Sixty per cent of ABC staff who took part in a vote rejected a deal that included a 10 per cent pay rise across three years.
It paved the way for a range of industrial actions, including a 24-hour strike scheduled for 11am on Wednesday.
It will be the organisation's first major strike since 2006.
While unions noted the pay offer was below inflation, some ABC members said insecure working arrangements that mean staff are stuck on rolling short-term contracts was just as much of a problem.
Radio journalist Kimberley Price said she had been on short-term contracts for three years and could be forced to move back onto a short-term deal for career progression
"This system led me to feel an enormous amount of financial stress, career anxiety and a constant feeling of 'am I good enough to be here?'" she posted on LinkedIn.
"It's an agonising cycle and while ABC employees deal with these stresses, some of our senior managers are receiving enormous pay rises."

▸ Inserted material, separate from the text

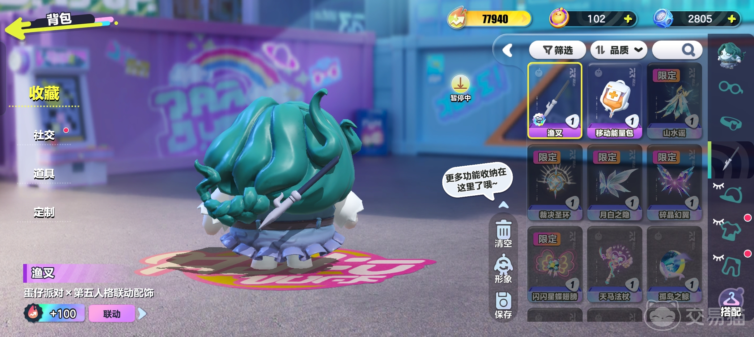 最后小编就来带大家了解一下第五人格蛋仔派对第二次联动的配件吧。通过抽取皮肤时的转盘,有机会抽取到渔女宝宝的武器“渔叉”和第五人格相关配饰“深林提灯。大家可以根据自己的喜好来进行搭配。比如不喜欢高度贴合第五人格形象的渔叉,我们可以在收藏-配饰一栏进行更换。需要注意的是,第五人格相关皮肤只能搭配第五人格相关配饰哦。
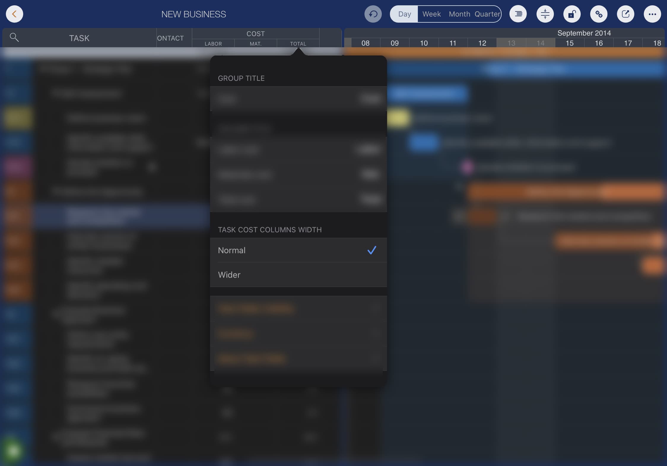 - Cost columns wider width option.

Former ABC journalist Bension Siebert noted similar concerns, writing he was on eight separate contracts in three years before he left the broadcaster.
"Eventually, I became unwilling to beg, on hands and knees, to continue doing the same job for the ABC that I had proven myself capable of doing," he wrote on LinkedIn.
While non-media staff walked off the job in 2023, journalists did not take part.
This time, the strike won 90 per cent support among voting media-union members.
ABC managing director Hugh Marks said the deal was financially responsible and competitive for the industry.
He said claims of a lack of job security at the organisation was inaccurate.
"The average tenure of an ABC staff member is more than 10 years which is three times the economy average ... over 90 per cent of ABC staff are ongoing employees," Mr Marks said.
"The pay offer reflects the maximum level the ABC can sustainably provide and is balanced when looking across all the factors that we need to consider."
He had been accused by the media union of failing to guarantee jobs would not be cut and replaced by AI.
"Experienced journalists and media workers are being asked to do more with less - with fewer opportunities for pay progression, less certainty about their future and growing workloads," Media, Entertainment and Arts Alliance chief executive Erin Madeley said.
A strike was also backed by a ballot of non-media ABC staff, represented by the Community and Public Sector Union.
Staff rejected the deal because it featured a pay rise below inflation, along with concerns about career progression, night-shift penalty rates and reproductive health leave, the union said.
"The last thing union members want to do is inconvenience loyal ABC audiences by disrupting programming and services, but key bargaining claims remain unresolved," the union's ABC section secretary, Jocelyn Gammie, said.
More than 4400 people work at the ABC, including 2000 in news, the largest division.
ABC is the 11th most used website in the nation ahead of Netflix, according to SimilarWeb.
ABC's chief people officer Deena Amorelli emailed staff on Monday to inform them the deal had been declined.
"The ABC will now make an application to the Fair Work Commission to assist with resolving bargaining," she said.